渋滞の先にある信号待ちですら、「次の一速をどう繋ぐか」なんて真剣に考えてしまう。
それは、走り屋たちに贈る最後の祝福かもしれない。
でも同時に、新しい世代に“クルマで走る楽しさ”を教えてくれる教師のようでもある。
エコカーなんて呼ばせない。
このクルマは、時代のカウンターであり、走りを諦めきれない者たちへのラストピースだ。
──さあ、全貌を明らかにしよう。
発売日、価格、スペック、そして走りの“本気度”まで。
2025年の「最も熱い軽」が、今ここに誕生する。
ダイハツ ミライース GRスポーツとは?
「GR」の名を、ミライースに?
そのニュースを見たとき、多くのクルマ好きは思わず目を疑ったはずだ。
けれど、東京オートサロン2025でその姿を見た瞬間、すべてが納得に変わる。
黒と赤で引き締められた精悍なフェイス。
フェンダーの奥に覗く鍛造のBBSホイール。
そして、あのエンブレム──GRの証。
「え、これがミライースなのか?」
その違和感は、すぐに高揚感へと変わる。
なぜなら、それは単なる“見た目チューン”じゃないからだ。
660ccのターボ付き直3エンジン、5速マニュアル、強化サスペンション、スポーツブレーキ。
すべてが“走るため”だけに研ぎ澄まされている。
本来、ミライースとは“日常”を支えるクルマだった。
だがこのGRスポーツは、そんな日常に火をつける。
コンビニに行くだけでも、遠回りしたくなる。
理由なんていらない。
ただ、このクルマで“走りたい”のだ。
5速MT×ターボで何が変わるのか?
オートマ全盛、CVT当たり前。
そんな今の時代に、「5速マニュアル」なんて持ち出すこと自体、ある意味“反逆”だ。
しかもターボまで付ける? 軽で?
──いいだろう、望むところだ。
このクルマは、あなたに“運転とは何か”を思い出させるために生まれてきた。
アクセルを踏んだ瞬間、タービンが低く唸る。ブーストが立ち上がると同時に、車体がぐっと前へ出る。

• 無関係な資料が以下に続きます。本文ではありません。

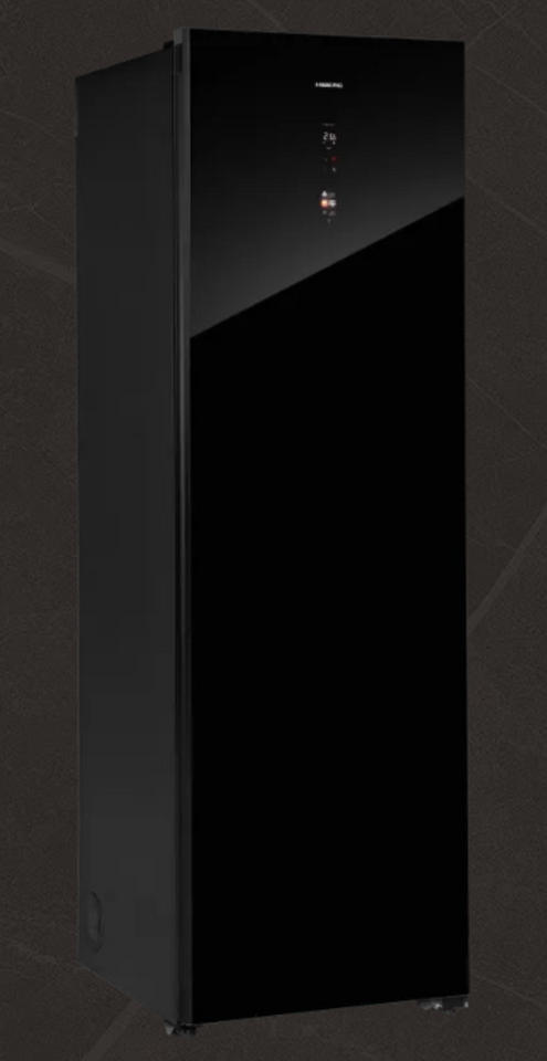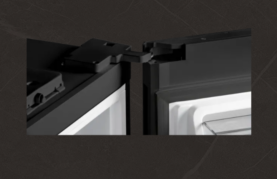 Дверь вертикального морозильника имеет уникальный дизайн, выполнена из закаленного стекла черного цвета. Дверь можно перенавесить с правой стороны на левую. Для легкого открывания в модели предусмотрена функция автооткрытия стуком — необходимо постучать по верхней части поверхности более двух раз, и дверь морозильника приоткроется.
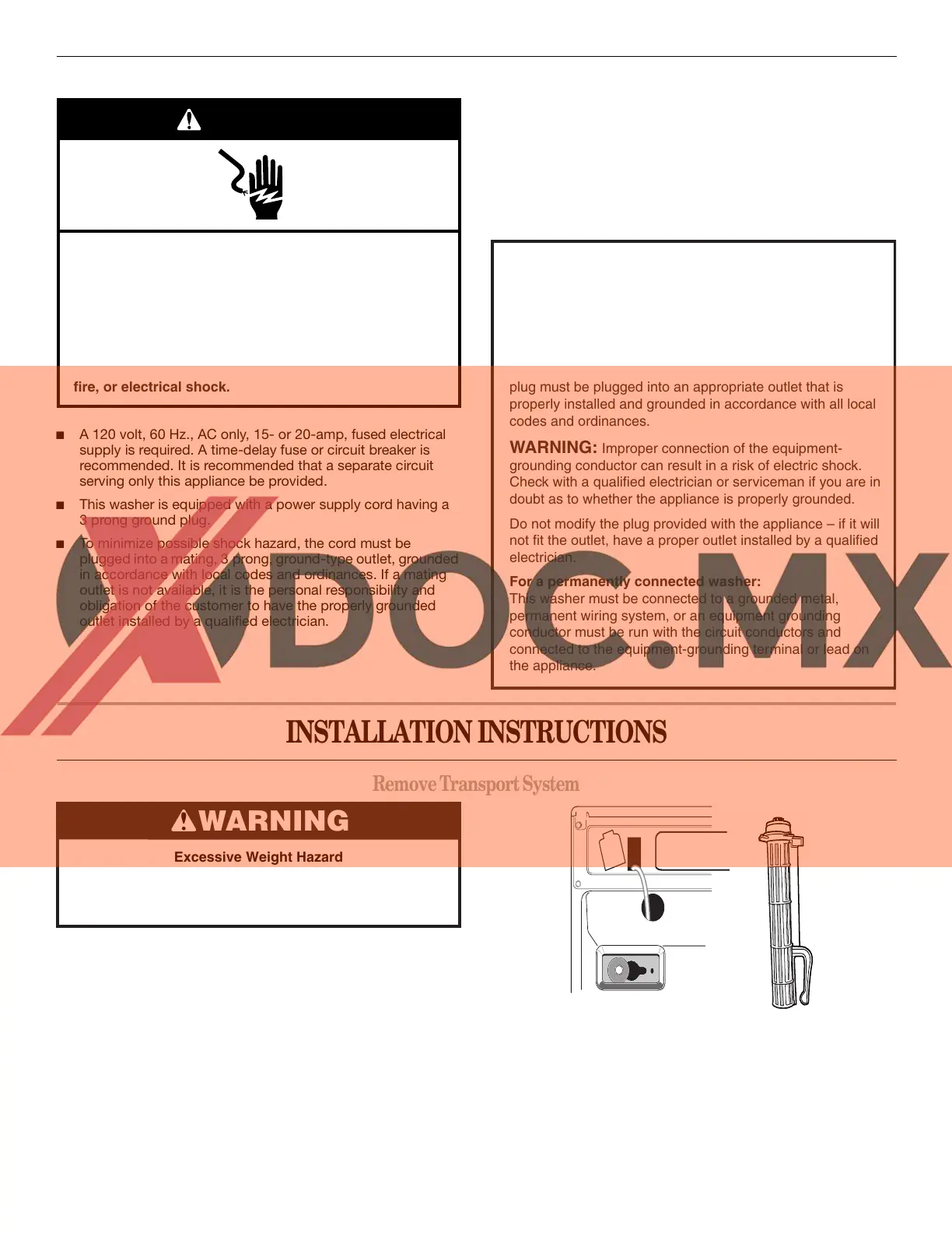 For a grounded, cord-connected washer:

そこにATの“間”なんて存在しない。シフトノブを引き、左足でリズムを刻みながら、エンジンと会話するように次のギアへ繋げる──そう、それがマニュアルだ。
ターボとMTの組み合わせ。
それは、コントロールと興奮が、ドライバーの指先と足元に委ねられているということ。
電子制御の介入も、変速タイムラグもない。
必要なのは、あなただけ。
燃費? 静粛性?
そんなものを気にする人は、このクルマを買ってはいけない。
これは、真剣に「運転」をしたい人のための1台だ。
朝の通勤路が、グランツーリスモに変わる。
信号待ちの発進ですら、“スタートシグナル”に思えてくる。
何も特別な場所はいらない。
このクルマは、いつもの道を“サーキット”に変える魔法を持っている。
さあ、あなたはまだ、「運転する」という悦びを覚えているだろうか?
もしその答えがYesなら──このクルマは、あなたのためにある。
発売日・価格の予想
いつ出るんだ? いくらなんだ?
──このミライースGRスポーツに心を奪われた者なら、まず最初にそう考えるだろう。
現時点では「2025年秋」とされるこのクルマの市販化。
オートサロンでの反響の大きさから見ても、メーカー側がこのプロジェクトに本気であることは明白だ。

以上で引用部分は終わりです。